:: SOURCE INFORMATION ::
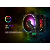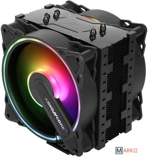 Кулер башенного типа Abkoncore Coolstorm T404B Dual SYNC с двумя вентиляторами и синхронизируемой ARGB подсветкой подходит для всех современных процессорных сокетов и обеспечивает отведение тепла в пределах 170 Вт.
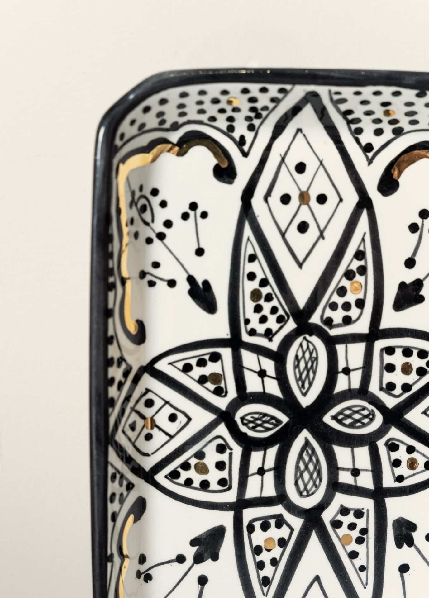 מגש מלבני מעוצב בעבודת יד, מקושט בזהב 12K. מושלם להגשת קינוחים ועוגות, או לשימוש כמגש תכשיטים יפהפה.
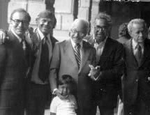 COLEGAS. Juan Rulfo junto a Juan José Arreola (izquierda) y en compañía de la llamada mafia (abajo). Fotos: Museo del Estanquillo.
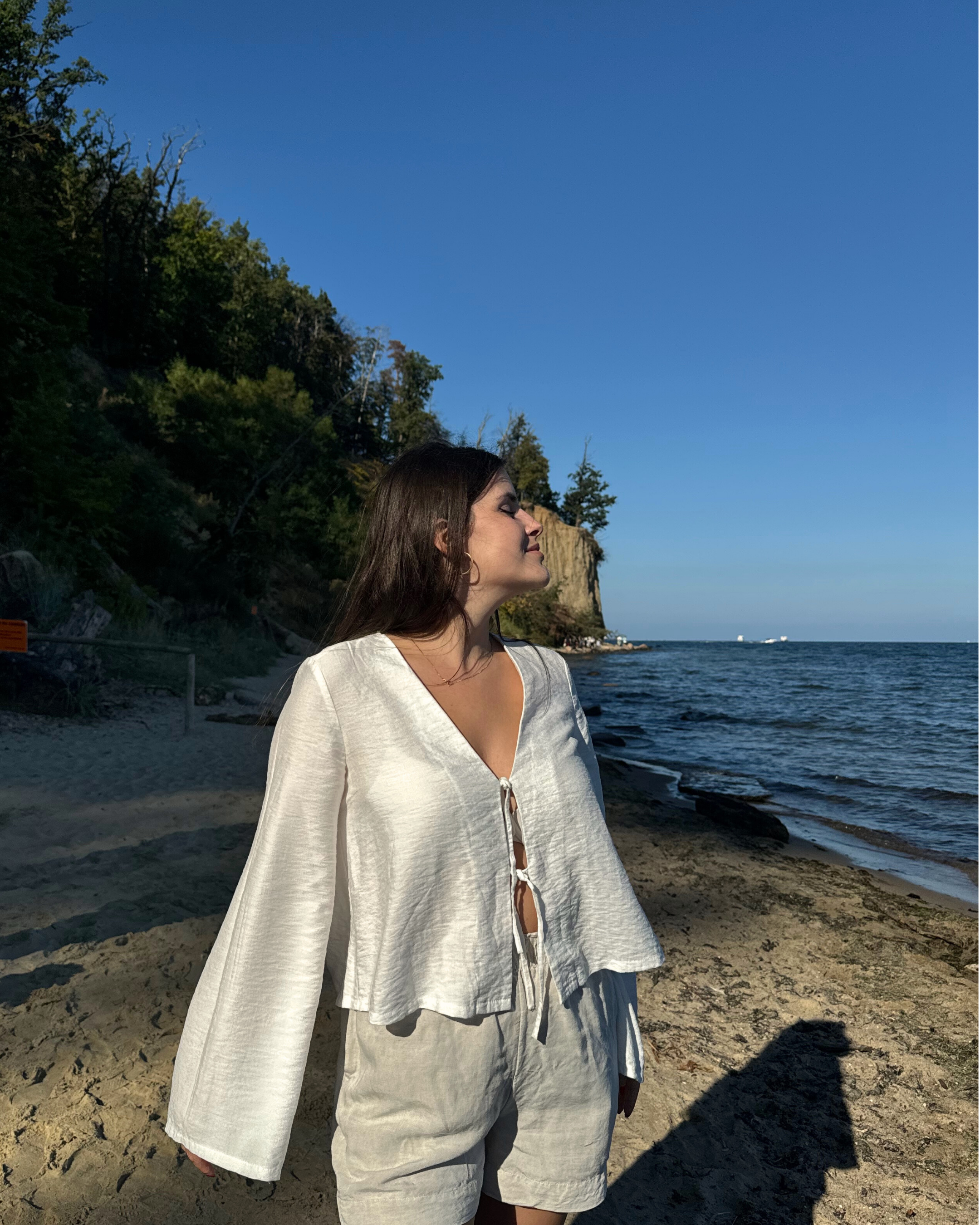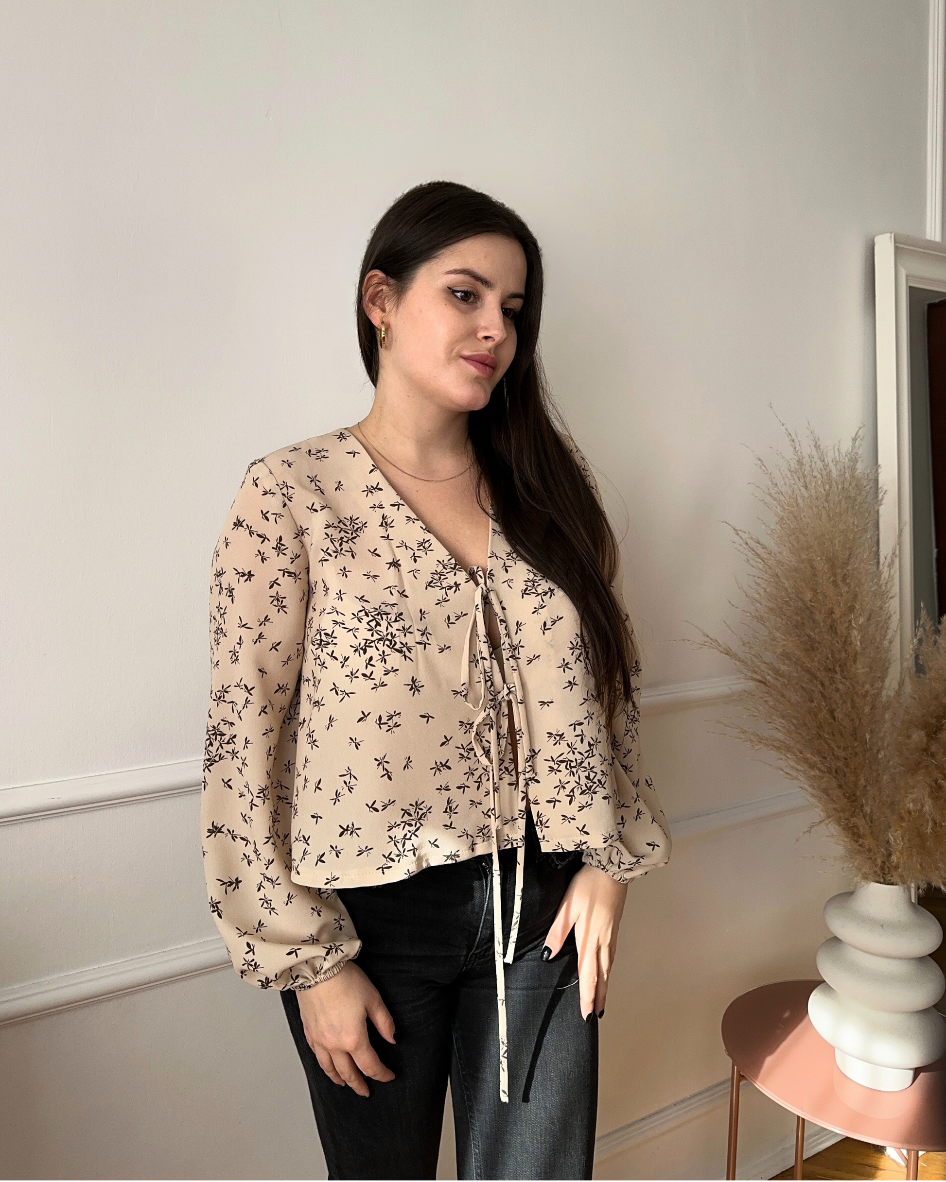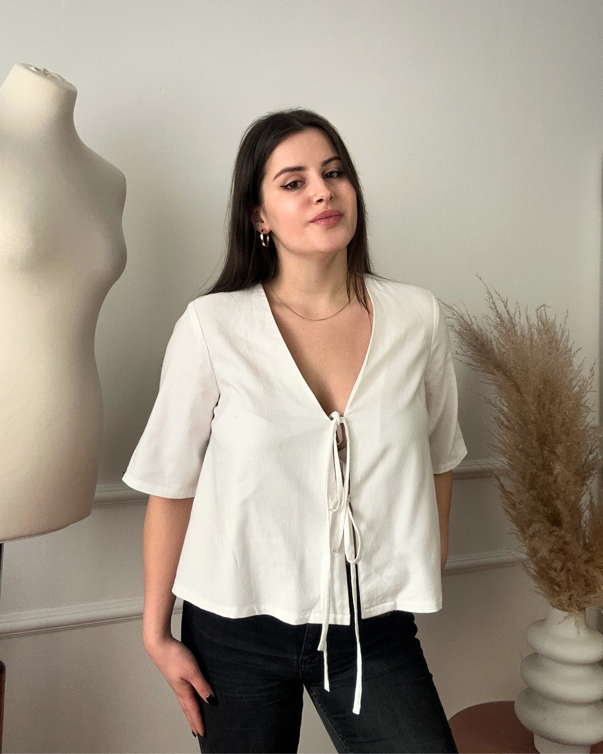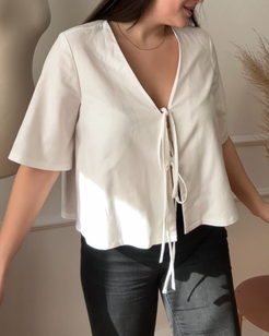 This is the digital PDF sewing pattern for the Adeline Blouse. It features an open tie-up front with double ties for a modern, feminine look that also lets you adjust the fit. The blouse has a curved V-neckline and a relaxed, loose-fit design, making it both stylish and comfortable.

* * *

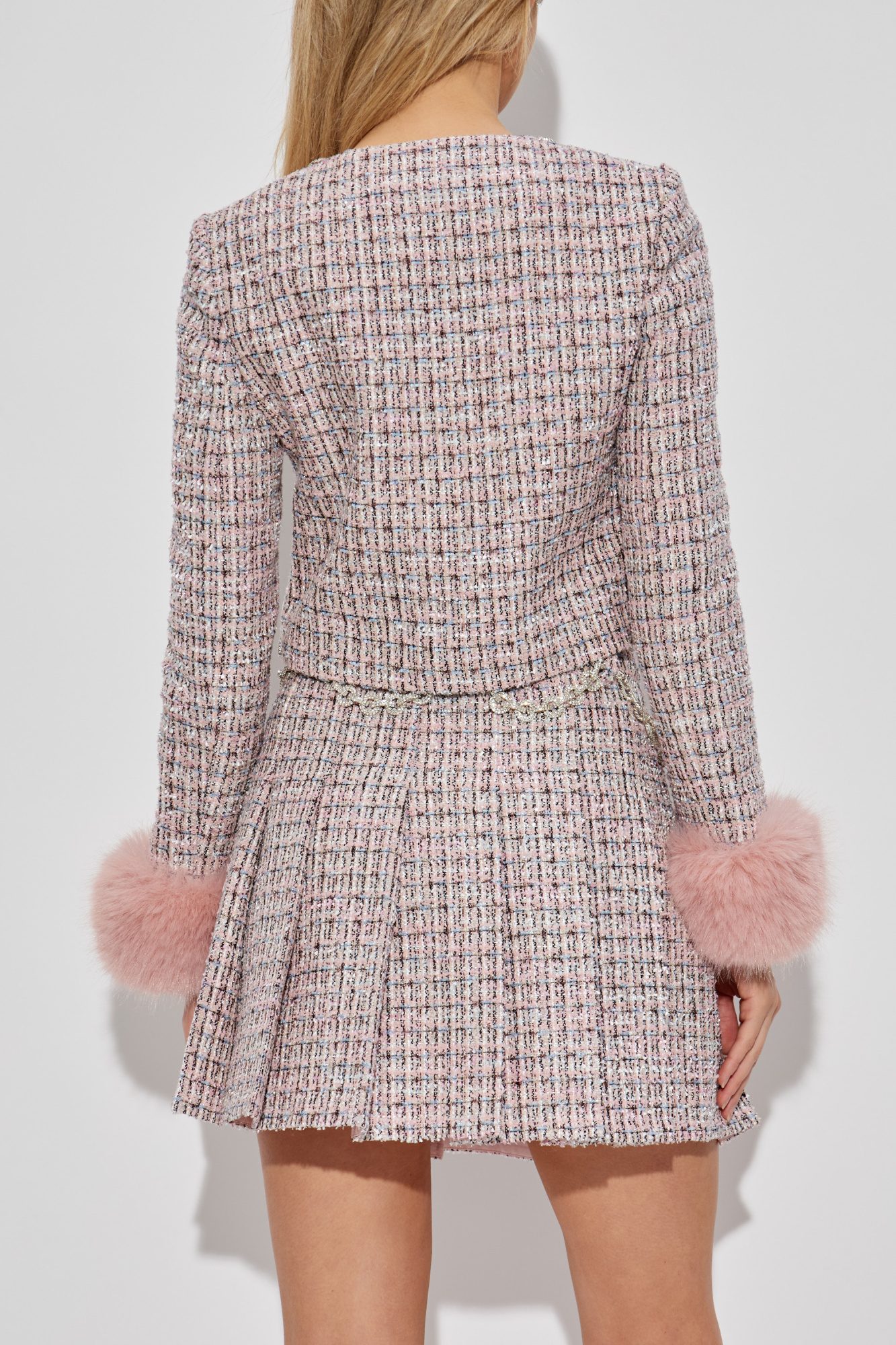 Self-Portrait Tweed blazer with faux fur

:: TASK DIRECTIONS ::
Above are the records; copy exactly the lines from the one with "Кулер башенного типа" through the one with "מגש מלבני מעוצב", including both, and nothing more. Leave out pictures.

:: REPLY TO THE TASK ::
 Кулер башенного типа Abkoncore Coolstorm T404B Dual SYNC с двумя вентиляторами и синхронизируемой ARGB подсветкой подходит для всех современных процессорных сокетов и обеспечивает отведение тепла в пределах 170 Вт.
 מגש מלבני מעוצב בעבודת יד, מקושט בזהב 12K. מושלם להגשת קינוחים ועוגות, או לשימוש כמגש תכשיטים יפהפה.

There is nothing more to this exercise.